• Exercise goal:
Print the listing below word for word, but drop any pictures it contains.
-- Dataset content follows --
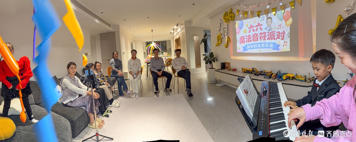 今视角 | 萌娃家庭新年音乐会大众报业·齐鲁壹点 2026-01-01 12:53:4512月31日晚,在济南五岁半的六六家中,一场 “魔法音符” 主题新年音乐会温馨启幕。客厅饰满音符气球与星星拉花,六六身着小西装,与钢琴老师郑爽合奏《新年好》等五首曲目,稚嫩旋律让亲朋好友们笑意满盈。 王剑 摄责任编辑:王媛
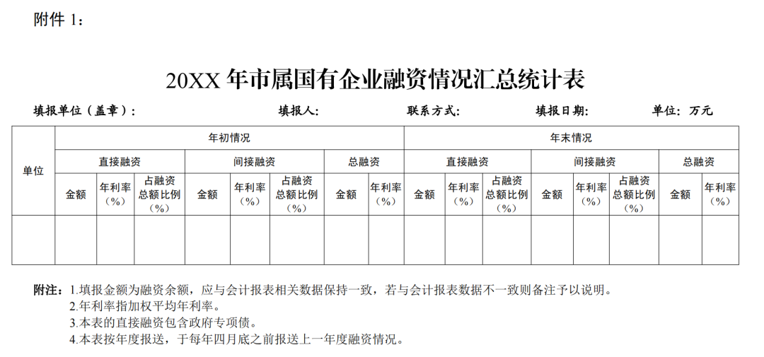 (二十二)市属国有企业应在每年4月底之前向市级国资监管机构报送上一年度的融资分析报告(应包含20XX年市属国有企业融资情况汇总统计表,样式见附件1)和融资担保执行情况,并将本年度经集团董事会审议通过的年度融资计划和年度融资担保计划报市级国资监管机构备案。
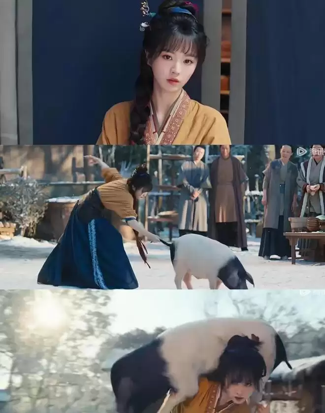 主角造型严格遵循人物逻辑:女主常年操持屠户营生,衣着是反复浆洗泛灰的粗麻短打,腰间别着沉实锋利的杀猪刀,袖口布满毛边与细微刮痕,即便立于猪圈泥泞之中、肉案油污之侧,也毫无违和,只觉鲜活可信。
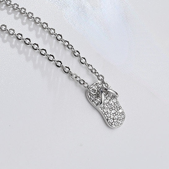 This stunning Zircon Slippers pendant necklace is the perfect way to add a touch of sophistication to any woman's wardrobe. Crafted from sterling silver and adorned with sparkling Zircon gems, this elegant necklace adds a touch of elegance and charm to any outfit.
-- Dataset content concluded --
• The completed task:
 今视角 | 萌娃家庭新年音乐会大众报业·齐鲁壹点 2026-01-01 12:53:4512月31日晚,在济南五岁半的六六家中,一场 “魔法音符” 主题新年音乐会温馨启幕。客厅饰满音符气球与星星拉花,六六身着小西装,与钢琴老师郑爽合奏《新年好》等五首曲目,稚嫩旋律让亲朋好友们笑意满盈。 王剑 摄责任编辑:王媛
 (二十二)市属国有企业应在每年4月底之前向市级国资监管机构报送上一年度的融资分析报告(应包含20XX年市属国有企业融资情况汇总统计表,样式见附件1)和融资担保执行情况,并将本年度经集团董事会审议通过的年度融资计划和年度融资担保计划报市级国资监管机构备案。
 主角造型严格遵循人物逻辑:女主常年操持屠户营生,衣着是反复浆洗泛灰的粗麻短打,腰间别着沉实锋利的杀猪刀,袖口布满毛边与细微刮痕,即便立于猪圈泥泞之中、肉案油污之侧,也毫无违和,只觉鲜活可信。
 This stunning Zircon Slippers pendant necklace is the perfect way to add a touch of sophistication to any woman's wardrobe. Crafted from sterling silver and adorned with sparkling Zircon gems, this elegant necklace adds a touch of elegance and charm to any outfit.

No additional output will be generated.